# [WORK TO BE COMPLETED]
Repeat exactly the lines of the entries below from the one with "К балтийцам приехали" through the one with "白色風(fēng)車(chē)表盤(pán)。這款雙色手", both ends included, and nothing else.

DATA PROVIDED Start Marker

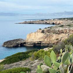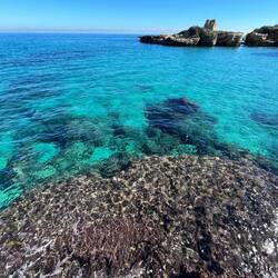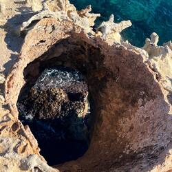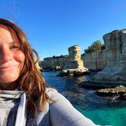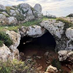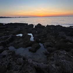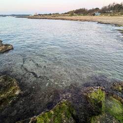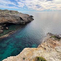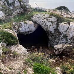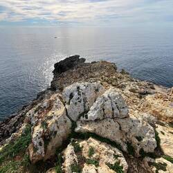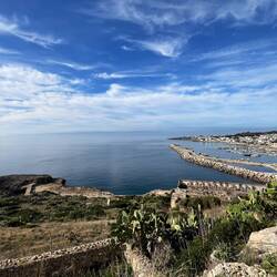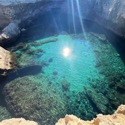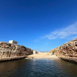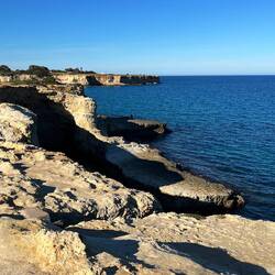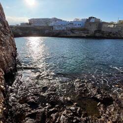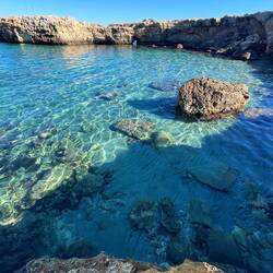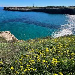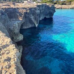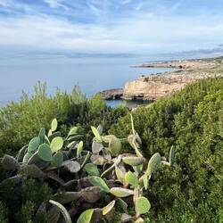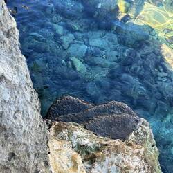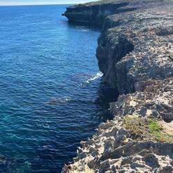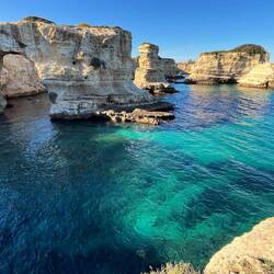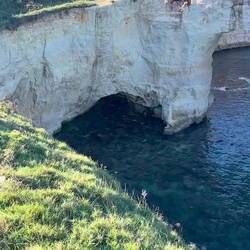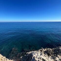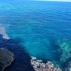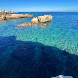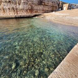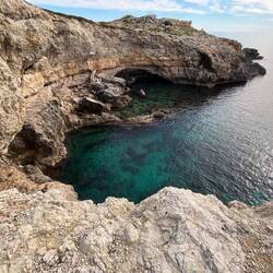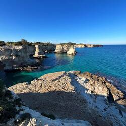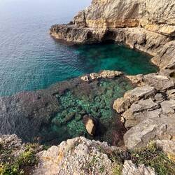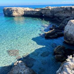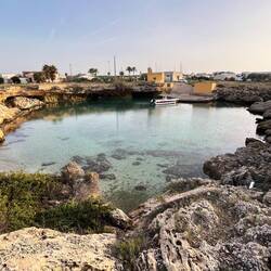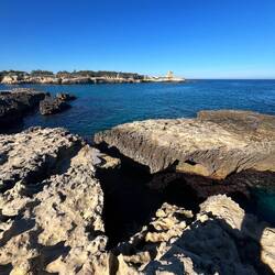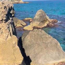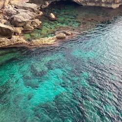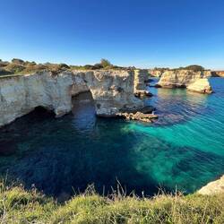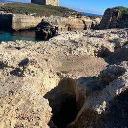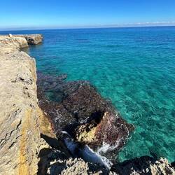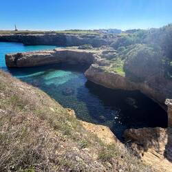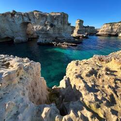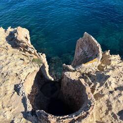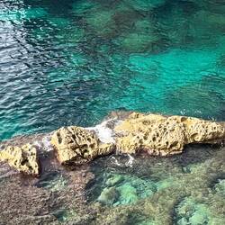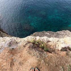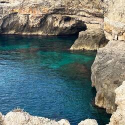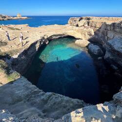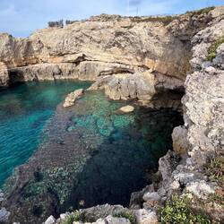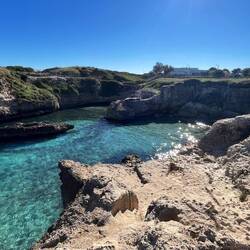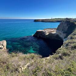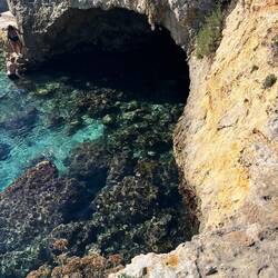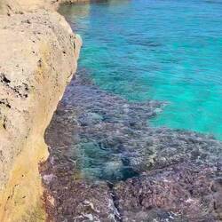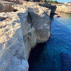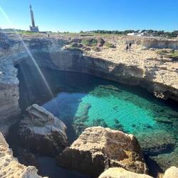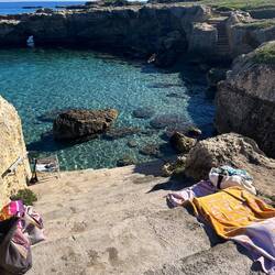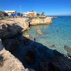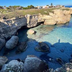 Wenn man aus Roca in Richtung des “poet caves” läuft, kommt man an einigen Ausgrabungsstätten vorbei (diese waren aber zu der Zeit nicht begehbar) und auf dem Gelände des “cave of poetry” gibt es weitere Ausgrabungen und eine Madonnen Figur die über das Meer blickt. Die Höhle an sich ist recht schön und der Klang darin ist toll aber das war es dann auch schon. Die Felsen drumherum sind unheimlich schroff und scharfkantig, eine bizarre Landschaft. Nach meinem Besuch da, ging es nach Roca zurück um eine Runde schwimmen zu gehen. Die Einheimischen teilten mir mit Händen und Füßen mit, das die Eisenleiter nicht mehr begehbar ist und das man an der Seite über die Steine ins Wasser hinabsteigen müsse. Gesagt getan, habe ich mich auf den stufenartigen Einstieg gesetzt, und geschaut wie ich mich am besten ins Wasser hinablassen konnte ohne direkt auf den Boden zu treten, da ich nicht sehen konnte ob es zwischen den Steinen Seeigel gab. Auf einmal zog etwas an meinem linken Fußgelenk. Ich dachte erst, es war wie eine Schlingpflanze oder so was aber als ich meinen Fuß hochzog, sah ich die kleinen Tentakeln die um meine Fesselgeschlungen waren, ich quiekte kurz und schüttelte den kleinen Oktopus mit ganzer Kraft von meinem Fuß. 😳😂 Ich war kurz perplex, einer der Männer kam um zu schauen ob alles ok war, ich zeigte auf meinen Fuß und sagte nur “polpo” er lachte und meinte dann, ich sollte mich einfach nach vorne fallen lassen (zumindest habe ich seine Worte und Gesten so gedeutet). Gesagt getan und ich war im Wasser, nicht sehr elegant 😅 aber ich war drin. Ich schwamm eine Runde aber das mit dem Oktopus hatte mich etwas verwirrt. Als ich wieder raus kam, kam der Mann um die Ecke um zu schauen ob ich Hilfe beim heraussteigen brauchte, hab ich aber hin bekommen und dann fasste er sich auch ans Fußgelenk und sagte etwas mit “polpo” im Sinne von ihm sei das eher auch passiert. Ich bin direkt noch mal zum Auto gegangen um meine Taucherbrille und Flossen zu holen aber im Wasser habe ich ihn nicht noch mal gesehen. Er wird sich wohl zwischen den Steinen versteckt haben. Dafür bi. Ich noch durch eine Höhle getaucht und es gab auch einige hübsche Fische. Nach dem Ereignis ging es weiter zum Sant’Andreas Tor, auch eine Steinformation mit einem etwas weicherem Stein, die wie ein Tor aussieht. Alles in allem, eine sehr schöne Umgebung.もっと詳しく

DATA PROVIDED End Marker
DATA PROVIDED Start Marker

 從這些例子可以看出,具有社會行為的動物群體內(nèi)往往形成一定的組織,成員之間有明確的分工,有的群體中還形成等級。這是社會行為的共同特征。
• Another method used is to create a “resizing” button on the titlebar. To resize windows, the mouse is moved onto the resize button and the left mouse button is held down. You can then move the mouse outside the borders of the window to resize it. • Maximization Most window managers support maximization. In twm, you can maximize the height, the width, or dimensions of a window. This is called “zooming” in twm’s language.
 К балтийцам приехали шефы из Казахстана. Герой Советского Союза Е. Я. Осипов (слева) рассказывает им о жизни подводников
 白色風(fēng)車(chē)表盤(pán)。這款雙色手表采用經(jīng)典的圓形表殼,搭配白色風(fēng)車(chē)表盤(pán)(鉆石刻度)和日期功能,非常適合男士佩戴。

DATA PROVIDED End Marker

# [EXERCISE RESULT]
 К балтийцам приехали шефы из Казахстана. Герой Советского Союза Е. Я. Осипов (слева) рассказывает им о жизни подводников
 白色風(fēng)車(chē)表盤(pán)。這款雙色手表采用經(jīng)典的圓形表殼,搭配白色風(fēng)車(chē)表盤(pán)(鉆石刻度)和日期功能,非常適合男士佩戴。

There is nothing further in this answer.